▸ **SUPPLIED INFORMATION**
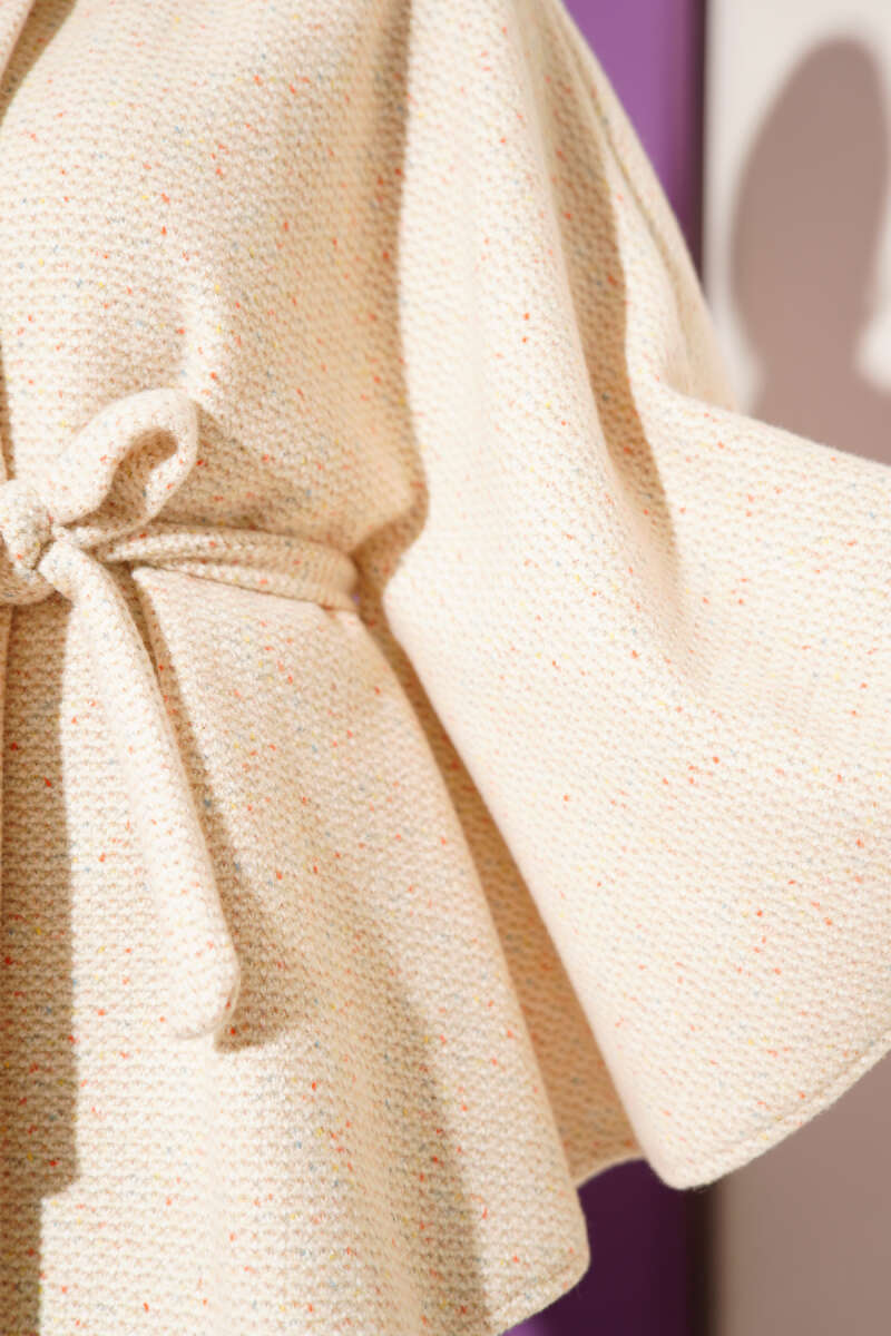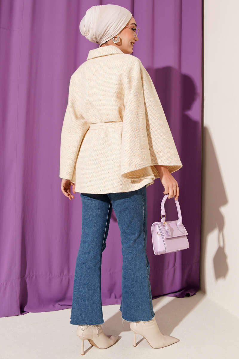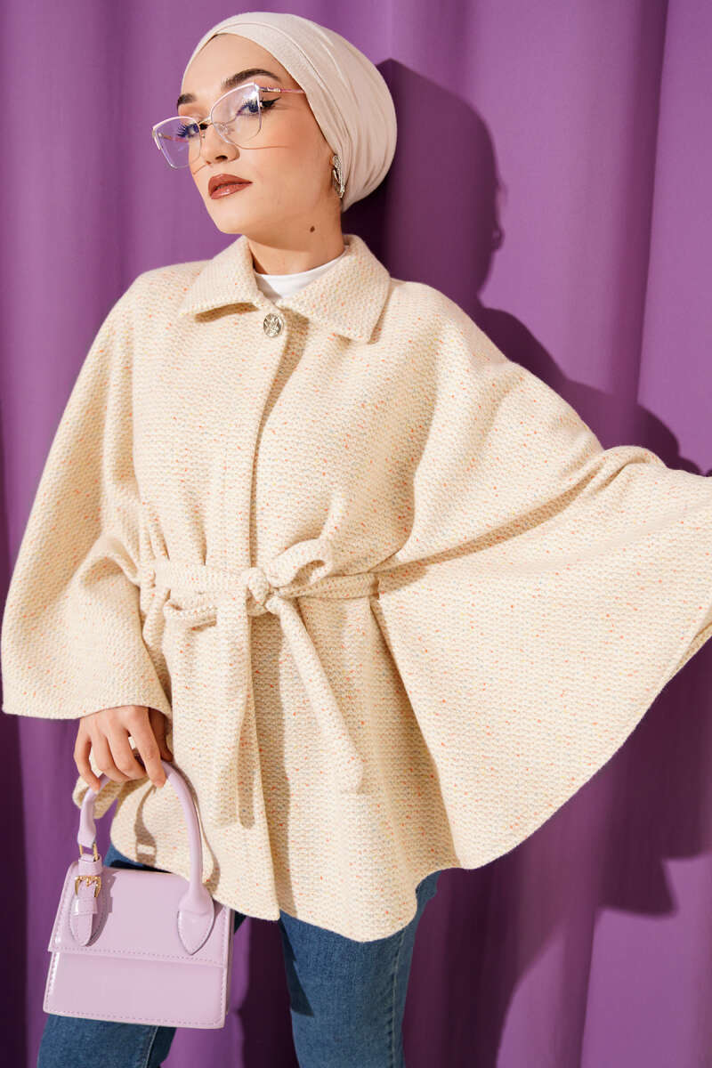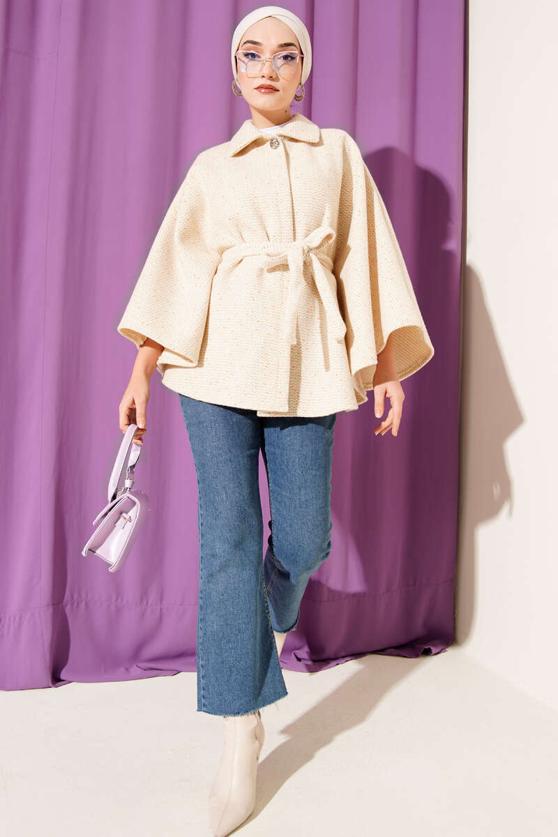 Gömlek Yaka Kuşaklı Kaşe Panço Bej
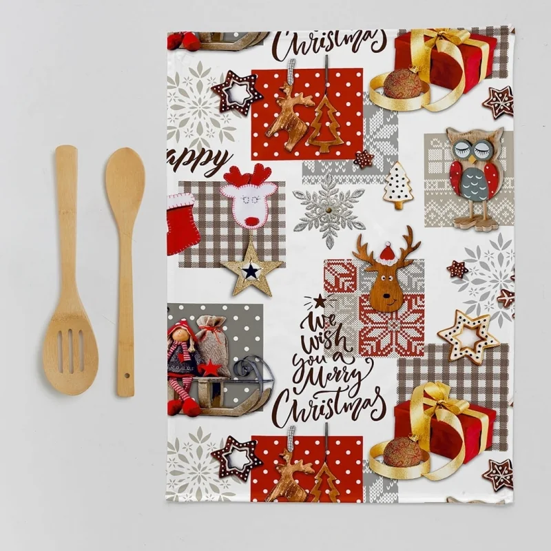 Zestaw 2 paños kuchennych z nadrukiem motywów bożonarodzeniowych. Udekoruj swój świąteczny stół najlepszymi wzorami i zaskocz swoich gości. Łatwe do mycia i deskowania, praktyczne i łatwe do czyszczenia. Kombinacje ze sposobem gry
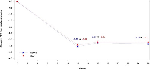 本研究達到預(yù)設(shè)的主要終點,治療26周后,INS068組的HbA1c相對基線變化非劣于IGlar組。INS068 組與 IGlar組的HbA1c降幅分別為 1.34% 和 1.36%, 兩組差值為 0.02%(95% CI:-0.14%,0.18%)。
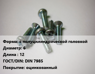 Винт с полуцилиндрической головкой 6х12 DIN 7985 оцинкованный
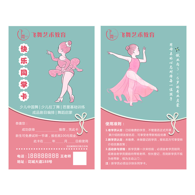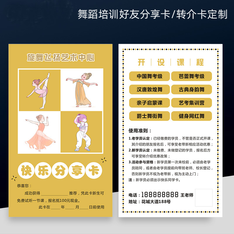 Latin dance trial class invitation card custom school enrollment old with new transfer introduction card ballet dance training experience card
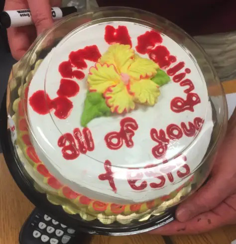 While the teacher might appreciate the sentiment of this cake, having to look at their students’ faces at home on the last day of school might negate the happiness the cake may bring.
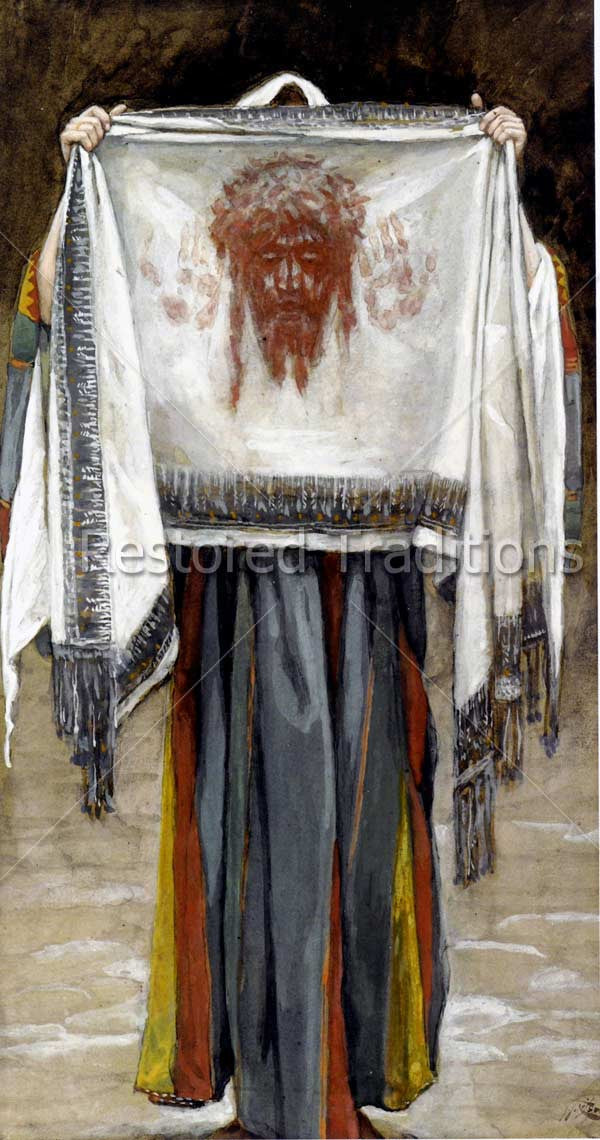 Saint Veronica holds up the veil, which she used to wipe the Face of Jesus Christ as the Savior carried His Cross to Mount Calvary. An image of Christ's Face is imprinted on the veil with blood. Artwork by Tissot
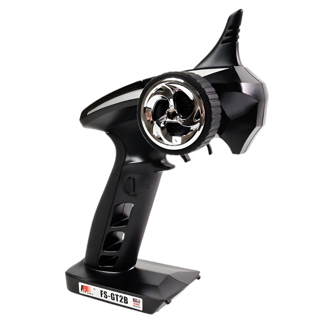 The FlySky GT2B features 3 channel operation, interchangeable hand grips, adjustable steering dual-rate, servo reversing and a rechargeable li-ion battery which eliminates the need for buying expensive AA batteries. The li-ion battery also makes this transmitter much lighter, which gives the user a great feel during use. No more lugging around a heavy transmitter holding 8 x AA batteries!
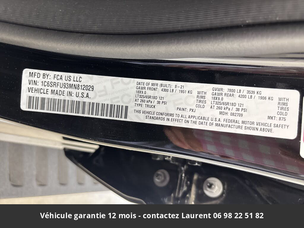 2021 Dodge RAM TRX Crew Cab 4x4 Tout compris hors homologation 4500e
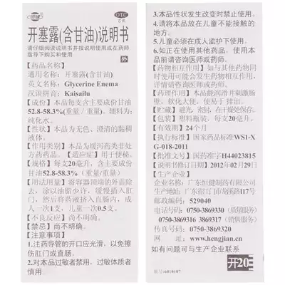 Hengjian Kaiseru contains 20ml * 20 boxes of glycerin for children, adults, constipation and laxative
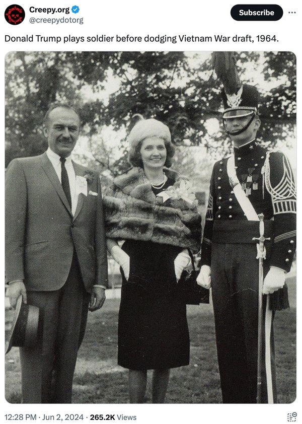 The pictures authentically show the former president wearing the uniform of the New York Military Academy — a private boarding school in Cornwall, New York that Trump attended for high school — at his 1964 graduation ceremony. Trump himself shared this image to his own Facebook page in 2013 with the caption "Myself with mother and father at New York Military Academy. See, I can be very military. High rank!"
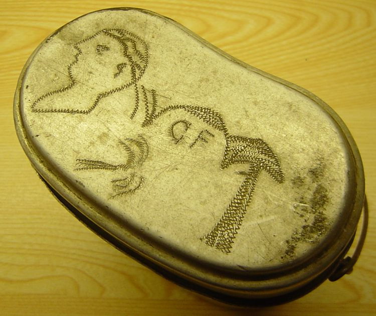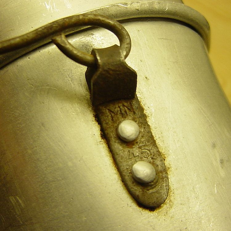 Allora,il tipo da cui prendo la roba ultimamente,ha dei pezzi pazzeschi,con dei prezzi pazzeschi......a certi oggetti allega anche la storia,credibile o meno che sia....bene,la storia della gavetta è che proviene da un reduce d'Africa,catturato in Europa,che ha ben pensato di personalizzare la gavetta:
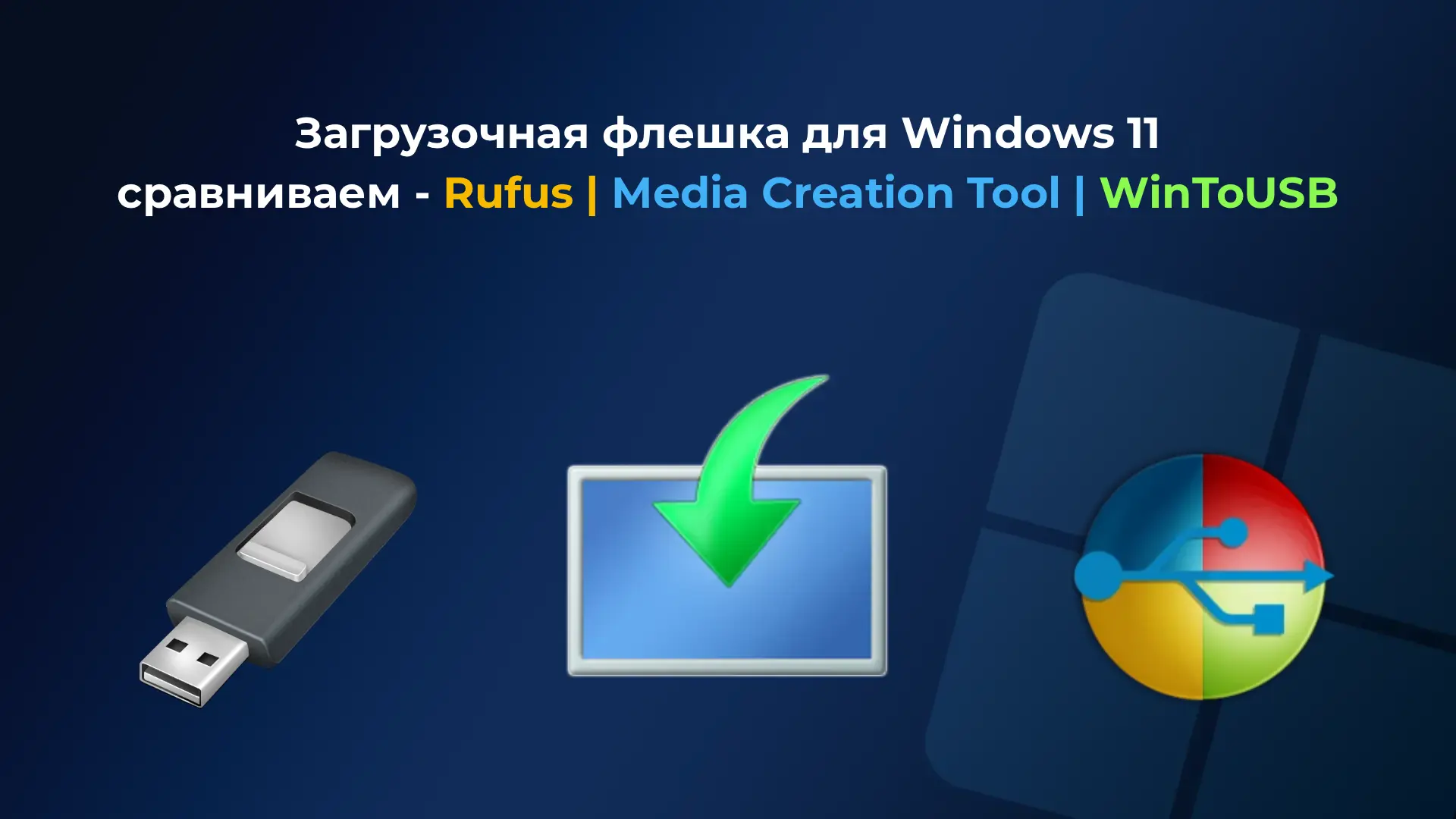 Загрузочная флешка — это незаменимый инструмент для установки или восстановления Windows. Её можно создать разными способами, и у каждого есть свои преимущества. В этой статье мы подробно разберём три популярных метода: Rufus, Media Creation Tool от Microsoft и WinToUSB. У нас уже есть отдельные статьи про каждую из этих программ, но здесь мы соберём всё воедино и сравним их возможности.
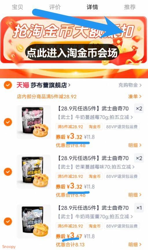 3.3亓/盒神圿叠3淘金币 下拉详情去金币会场拍5件=16.9亓 莎布蕾 黄油曲奇饼干5盒 好单发报员 2026年02月20日 22:03 0 举报 3.3亓/盒神圿叠3淘金币下拉详情去金币会场拍5件=16.9亓【莎布蕾】黄油曲奇饼干5盒https://m.tb.cn/h.7yRtO9q 复制文案
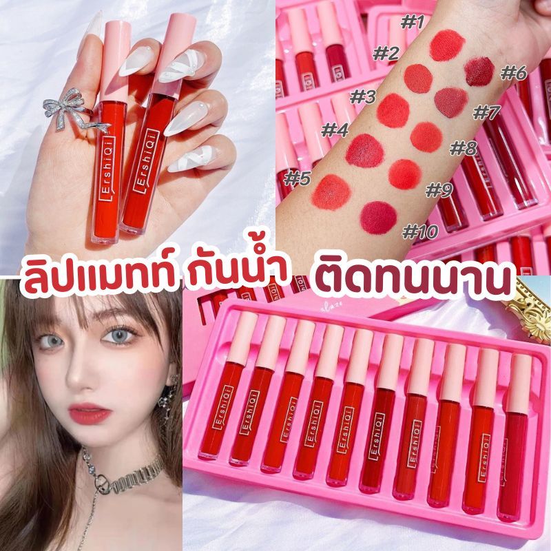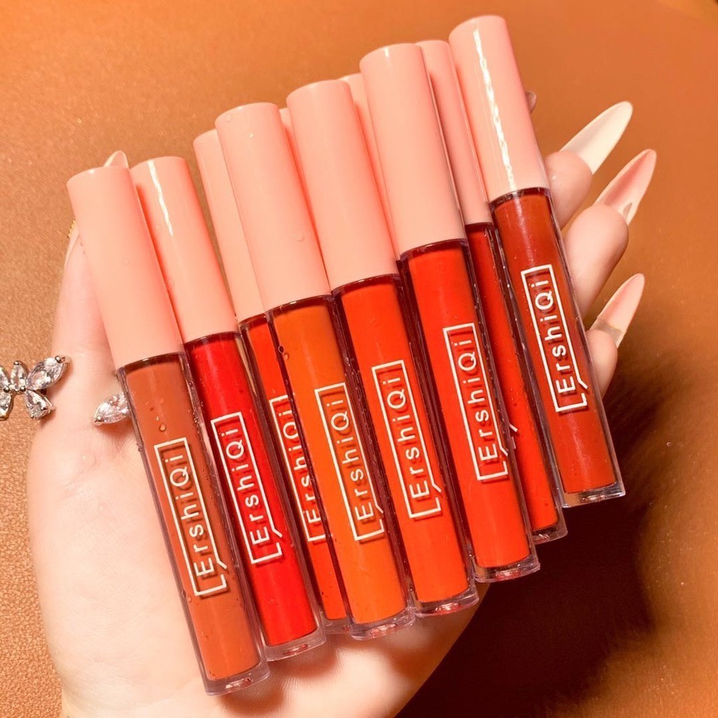 【1ชิ้น】ErshiQi ลิปกลอสเนื้อแมทท์ กันน้ำ ลิปสติก สีส้มอิฐ แดงไม่ติดแก้ว

▸ **PROBLEM STATEMENT**
Reproduce each entry exactly as written, but leave out the images.

▸ **EXERCISE OUTPUT**
 Gömlek Yaka Kuşaklı Kaşe Panço Bej
 Zestaw 2 paños kuchennych z nadrukiem motywów bożonarodzeniowych. Udekoruj swój świąteczny stół najlepszymi wzorami i zaskocz swoich gości. Łatwe do mycia i deskowania, praktyczne i łatwe do czyszczenia. Kombinacje ze sposobem gry
 本研究達到預(yù)設(shè)的主要終點,治療26周后,INS068組的HbA1c相對基線變化非劣于IGlar組。INS068 組與 IGlar組的HbA1c降幅分別為 1.34% 和 1.36%, 兩組差值為 0.02%(95% CI:-0.14%,0.18%)。
 Винт с полуцилиндрической головкой 6х12 DIN 7985 оцинкованный
 Latin dance trial class invitation card custom school enrollment old with new transfer introduction card ballet dance training experience card
 While the teacher might appreciate the sentiment of this cake, having to look at their students’ faces at home on the last day of school might negate the happiness the cake may bring.
 Saint Veronica holds up the veil, which she used to wipe the Face of Jesus Christ as the Savior carried His Cross to Mount Calvary. An image of Christ's Face is imprinted on the veil with blood. Artwork by Tissot
 The FlySky GT2B features 3 channel operation, interchangeable hand grips, adjustable steering dual-rate, servo reversing and a rechargeable li-ion battery which eliminates the need for buying expensive AA batteries. The li-ion battery also makes this transmitter much lighter, which gives the user a great feel during use. No more lugging around a heavy transmitter holding 8 x AA batteries!
 2021 Dodge RAM TRX Crew Cab 4x4 Tout compris hors homologation 4500e
 Hengjian Kaiseru contains 20ml * 20 boxes of glycerin for children, adults, constipation and laxative
 The pictures authentically show the former president wearing the uniform of the New York Military Academy — a private boarding school in Cornwall, New York that Trump attended for high school — at his 1964 graduation ceremony. Trump himself shared this image to his own Facebook page in 2013 with the caption "Myself with mother and father at New York Military Academy. See, I can be very military. High rank!"
 Allora,il tipo da cui prendo la roba ultimamente,ha dei pezzi pazzeschi,con dei prezzi pazzeschi......a certi oggetti allega anche la storia,credibile o meno che sia....bene,la storia della gavetta è che proviene da un reduce d'Africa,catturato in Europa,che ha ben pensato di personalizzare la gavetta:
 Загрузочная флешка — это незаменимый инструмент для установки или восстановления Windows. Её можно создать разными способами, и у каждого есть свои преимущества. В этой статье мы подробно разберём три популярных метода: Rufus, Media Creation Tool от Microsoft и WinToUSB. У нас уже есть отдельные статьи про каждую из этих программ, но здесь мы соберём всё воедино и сравним их возможности.
 3.3亓/盒神圿叠3淘金币 下拉详情去金币会场拍5件=16.9亓 莎布蕾 黄油曲奇饼干5盒 好单发报员 2026年02月20日 22:03 0 举报 3.3亓/盒神圿叠3淘金币下拉详情去金币会场拍5件=16.9亓【莎布蕾】黄油曲奇饼干5盒https://m.tb.cn/h.7yRtO9q 复制文案
 【1ชิ้น】ErshiQi ลิปกลอสเนื้อแมทท์ กันน้ำ ลิปสติก สีส้มอิฐ แดงไม่ติดแก้ว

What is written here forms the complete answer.